Fig. 1 is a flowchart of a video processing method according to an embodiment of the present application;

fig. 2 is a flowchart of a video frame selection method according to an embodiment of the present disclosure;

fig. 3 is a schematic diagram of a video cross-assembly according to an embodiment of the present application;

fig. 4 is a block diagram of a video processing apparatus according to an embodiment of the present application;

fig. 5 is a schematic structural diagram of an electronic device according to an embodiment of the present application.

Detailed Description

The technical solutions of the present application will be described clearly and completely with reference to the following embodiments, and it should be understood that the described embodiments are some, but not all embodiments of the present application. All other embodiments, which can be derived by a person skilled in the art from the embodiments given herein without making any creative effort, shall fall within the protection scope of the present application.

Currently, there are three ways to view video with 3D stereoscopic effect:

the first method comprises the following steps: the stereoscopic video technology mainly adopted by the 3D film is that an image with binocular parallax is directly synthesized through parallel shooting during shooting, and fine adjustment processing is carried out at the later stage. When the parallax images are played, the two parallax images exist on a picture at the same time, and corresponding videos are obtained by the left eye and the right eye of a person at the same time through special equipment (such as polarized glasses), and the parallax images are perceived as stereo images after being processed by the brain of the person.
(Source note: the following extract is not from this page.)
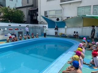 子どもたちは、プール遊びでの約束事の話にしっかりと耳を傾けていました。

And the second method comprises the following steps: the VR stereo video is characterized in that two videos with parallax, which are generated by two parallel cameras, are simultaneously and respectively played, the left eye and the right eye of a person respectively receive the corresponding videos by utilizing VR equipment (head-mounted equipment), and the parallax caused by the parallax is processed by the brain of the person to feel the effect of the stereo video.
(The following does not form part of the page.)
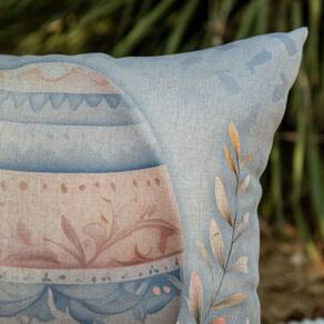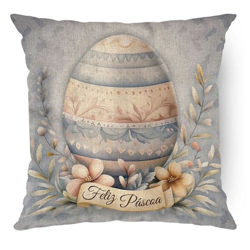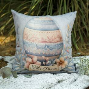 Uma coleção que evoca memórias especiais e a delicadeza da natureza, com produtos que encantam pela suavidade e beleza. Uma peça temática e encantadora, com estampa romântica e cativante. Sua versatilidade permite que seja usada sozinha ou combinada em composições, oferecendo aos seus clientes diversas possibilidades de decoração. Contém: 1 Almofada com enchimento em fibra siliconada. Tamanho: 43 x 43 cm Material: Rustic Linen Detalhes: Sem aplicações Fechamento: Zíper Invisível Forma: Quadrada Cor: Azul, bege e rosé Estampa frente: Ovo e flores Estampa verso: Ovo e flores Produto: Nacional

And the third is that: the conventional naked eye 3D technology is used for transforming a player, two paths of videos with parallax errors generated by parallel shooting are played on a player terminal device in a rapid and alternate mode, when human eyes watch the videos, the videos switched rapidly generate the parallax errors, and after the human brain processes the parallax errors, the effect of a stereoscopic image is perceived.

In the above manner, the biggest problem of 3D movies and VR 3D technologies is that they are dependent on special equipment and cannot be viewed directly by human eyes. Conventional bore hole 3D technique, player need special transformation, can not use ordinary video player, and the fast switch-over of two videos can a large amount of consumer computational resources moreover, have serious influence to the high-definition video 3D effect.

Based on this, embodiments of the present application provide a video processing method, an apparatus, and an electronic device, which can obtain a video frame sequence with a naked-eye 3D visual effect by performing cross-merge processing on video frames of two video sources, and can further generate a 3D naked-eye video file that can be played by using a common player, so that a user can watch a video with a 3D effect by naked eyes without relying on a special device.

Fig. 1 is a flowchart of a video processing method according to an embodiment of the present application, where the video processing method specifically includes the following steps:

and S102, acquiring two paths of original video sources for 3D presentation.

The two original video sources for 3D presentation in the embodiment of the application may be two video sources with parallax acquired by hardware equipment, for example, two video sources generated by parallel shooting through parallel binocular shooting equipment; or, the two original video sources with parallax may be obtained by performing video parallax calculation through a software technique, for example, calculating a target video source through an image recognition technique. The binocular camera shooting equipment comprises two cameras or binocular cameras for shooting in parallel.

And step S104, respectively decoding the two paths of original video sources to obtain a first video frame sequence and a second video frame sequence respectively corresponding to the two paths of original video sources.

The video source decoding process can be realized by a hardware decoder or by a software decoding technology, and a first video frame sequence and a second video frame sequence can be obtained after two paths of original video sources are respectively decoded, wherein the first video frame sequence and the second video frame sequence are arranged according to the sequence of the identification information of the video frames.

And step S106, alternately selecting target video frames from the first video frame sequence and the second video frame sequence respectively according to the identification information of the video frames, so that the identification information of the target video frames in the first target video frame set and the second target video frame set are complementary.

In this step, the identification information may be a decompression timestamp of the video frame, or may also be a sequence number corresponding to the video frame. For example, the first video frame sequence includes video frames a1, a2, A3 … … a20, and the second video frame sequence includes video frames B1, B2, B3 … … B20, then the target video frames a1, a2 may be selected from the first video frame sequence, the target video frames B3, B4, B5 may be selected from the second video frame sequence, the target video frames a6 may be selected from the first video frame sequence, the target video frames B7, B8 may be selected from the second video frame sequence, and so on, until the last frame, which is uneven alternative selection, as long as the identification information of the target video frames in the first target video frame set and the second target video frame set is complementary.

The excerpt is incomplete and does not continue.